PROBLEM
Copy out exactly the lines spanning the line with "٥) لتصبحا أقل" to the line with "As equipas foram", inclusive, from the data underneath, with no pictures.

Dataset items
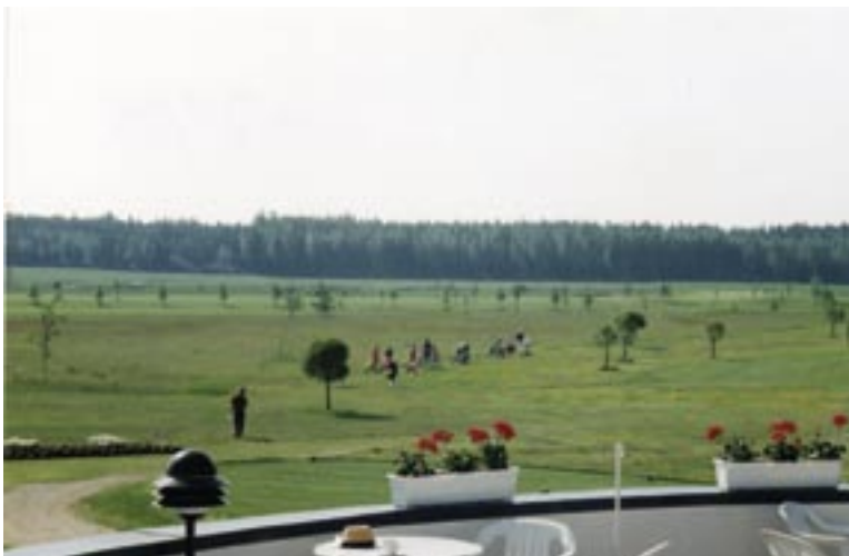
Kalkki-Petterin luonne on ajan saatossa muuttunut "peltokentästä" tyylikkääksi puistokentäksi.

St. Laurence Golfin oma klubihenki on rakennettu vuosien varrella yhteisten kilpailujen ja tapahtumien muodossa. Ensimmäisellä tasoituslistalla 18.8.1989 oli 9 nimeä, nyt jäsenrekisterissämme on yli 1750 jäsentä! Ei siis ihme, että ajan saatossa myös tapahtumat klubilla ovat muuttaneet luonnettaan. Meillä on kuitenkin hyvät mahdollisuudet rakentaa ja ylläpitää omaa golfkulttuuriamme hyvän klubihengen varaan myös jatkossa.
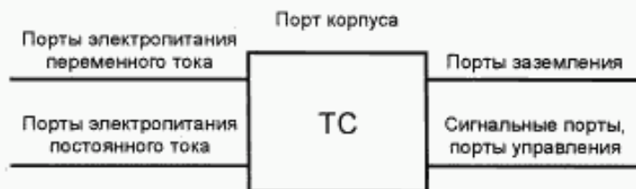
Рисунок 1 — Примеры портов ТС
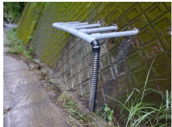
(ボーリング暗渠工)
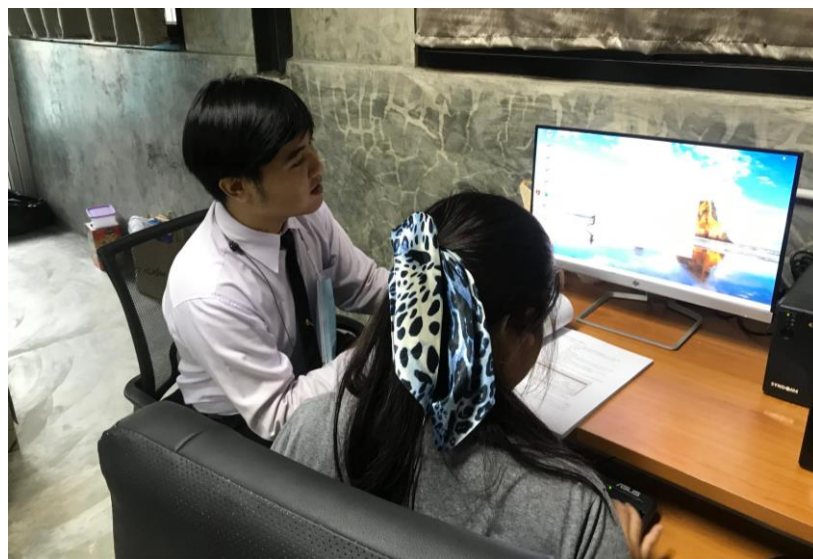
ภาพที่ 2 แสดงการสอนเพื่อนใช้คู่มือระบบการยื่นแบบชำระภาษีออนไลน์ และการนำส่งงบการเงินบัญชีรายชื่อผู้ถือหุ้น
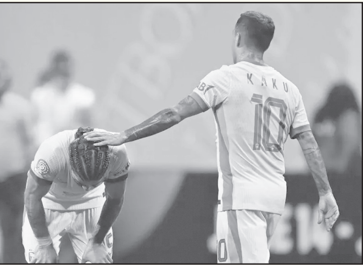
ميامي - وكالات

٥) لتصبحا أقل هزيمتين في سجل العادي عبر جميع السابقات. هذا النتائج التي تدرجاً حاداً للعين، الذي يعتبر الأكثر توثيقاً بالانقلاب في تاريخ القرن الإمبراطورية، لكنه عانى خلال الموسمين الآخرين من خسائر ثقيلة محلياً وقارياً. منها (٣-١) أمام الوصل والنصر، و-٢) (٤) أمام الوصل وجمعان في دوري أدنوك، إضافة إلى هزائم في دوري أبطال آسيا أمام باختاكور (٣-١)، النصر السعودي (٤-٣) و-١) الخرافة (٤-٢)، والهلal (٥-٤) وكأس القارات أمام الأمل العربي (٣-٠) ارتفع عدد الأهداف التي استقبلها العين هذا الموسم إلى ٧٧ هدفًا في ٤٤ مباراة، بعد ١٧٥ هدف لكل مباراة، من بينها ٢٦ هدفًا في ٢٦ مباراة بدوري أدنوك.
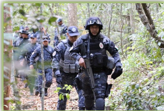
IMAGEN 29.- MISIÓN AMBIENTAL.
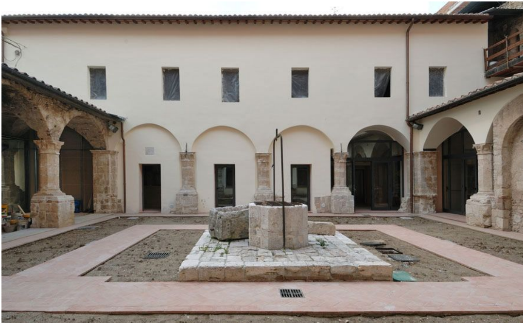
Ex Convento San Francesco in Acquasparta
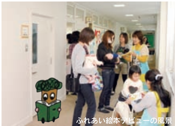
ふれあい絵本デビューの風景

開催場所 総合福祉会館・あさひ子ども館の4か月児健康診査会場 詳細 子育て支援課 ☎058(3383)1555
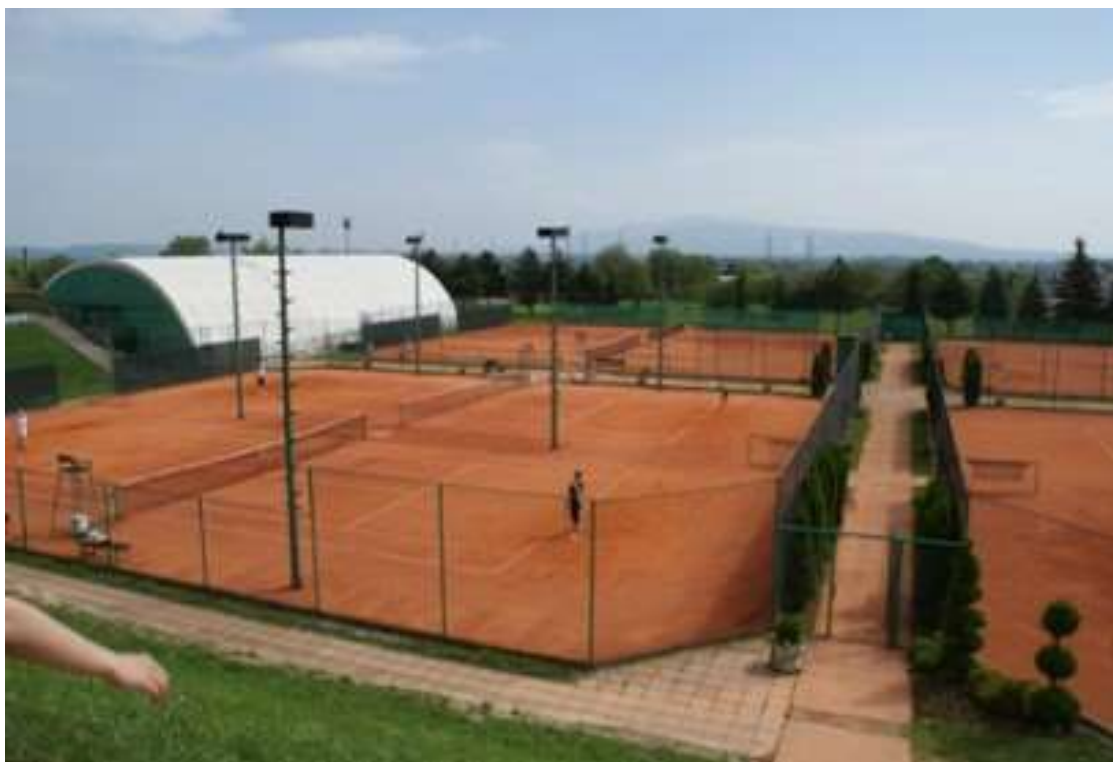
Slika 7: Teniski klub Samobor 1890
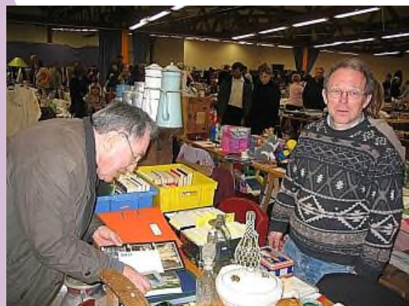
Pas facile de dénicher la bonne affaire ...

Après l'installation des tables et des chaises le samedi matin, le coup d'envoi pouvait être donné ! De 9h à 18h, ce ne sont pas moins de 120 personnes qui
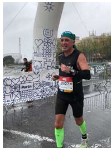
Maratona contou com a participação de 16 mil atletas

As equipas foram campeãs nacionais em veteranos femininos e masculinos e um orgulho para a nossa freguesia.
---
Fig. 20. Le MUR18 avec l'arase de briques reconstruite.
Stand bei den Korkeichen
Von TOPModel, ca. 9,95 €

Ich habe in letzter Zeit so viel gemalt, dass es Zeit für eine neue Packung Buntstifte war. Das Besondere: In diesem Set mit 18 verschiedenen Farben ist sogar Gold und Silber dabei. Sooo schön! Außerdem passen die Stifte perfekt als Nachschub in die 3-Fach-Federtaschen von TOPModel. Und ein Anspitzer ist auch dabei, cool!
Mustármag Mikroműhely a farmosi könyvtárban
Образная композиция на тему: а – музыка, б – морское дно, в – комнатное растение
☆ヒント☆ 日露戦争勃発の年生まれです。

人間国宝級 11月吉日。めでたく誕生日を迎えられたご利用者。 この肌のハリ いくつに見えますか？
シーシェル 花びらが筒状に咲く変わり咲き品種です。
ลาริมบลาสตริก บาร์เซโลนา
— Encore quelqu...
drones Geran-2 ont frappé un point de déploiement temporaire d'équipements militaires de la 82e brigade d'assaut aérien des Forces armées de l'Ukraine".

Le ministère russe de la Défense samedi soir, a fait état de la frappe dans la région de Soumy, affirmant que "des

SOLVED EXERCISE
٥) لتصبحا أقل هزيمتين في سجل العادي عبر جميع السابقات. هذا النتائج التي تدرجاً حاداً للعين، الذي يعتبر الأكثر توثيقاً بالانقلاب في تاريخ القرن الإمبراطورية، لكنه عانى خلال الموسمين الآخرين من خسائر ثقيلة محلياً وقارياً. منها (٣-١) أمام الوصل والنصر، و-٢) (٤) أمام الوصل وجمعان في دوري أدنوك، إضافة إلى هزائم في دوري أبطال آسيا أمام باختاكور (٣-١)، النصر السعودي (٤-٣) و-١) الخرافة (٤-٢)، والهلal (٥-٤) وكأس القارات أمام الأمل العربي (٣-٠) ارتفع عدد الأهداف التي استقبلها العين هذا الموسم إلى ٧٧ هدفًا في ٤٤ مباراة، بعد ١٧٥ هدف لكل مباراة، من بينها ٢٦ هدفًا في ٢٦ مباراة بدوري أدنوك.
IMAGEN 29.- MISIÓN AMBIENTAL.
Ex Convento San Francesco in Acquasparta
ふれあい絵本デビューの風景

開催場所 総合福祉会館・あさひ子ども館の4か月児健康診査会場 詳細 子育て支援課 ☎058(3383)1555
Slika 7: Teniski klub Samobor 1890
Pas facile de dénicher la bonne affaire ...

Après l'installation des tables et des chaises le samedi matin, le coup d'envoi pouvait être donné ! De 9h à 18h, ce ne sont pas moins de 120 personnes qui
Maratona contou com a participação de 16 mil atletas

As equipas foram campeãs nacionais em veteranos femininos e masculinos e um orgulho para a nossa freguesia.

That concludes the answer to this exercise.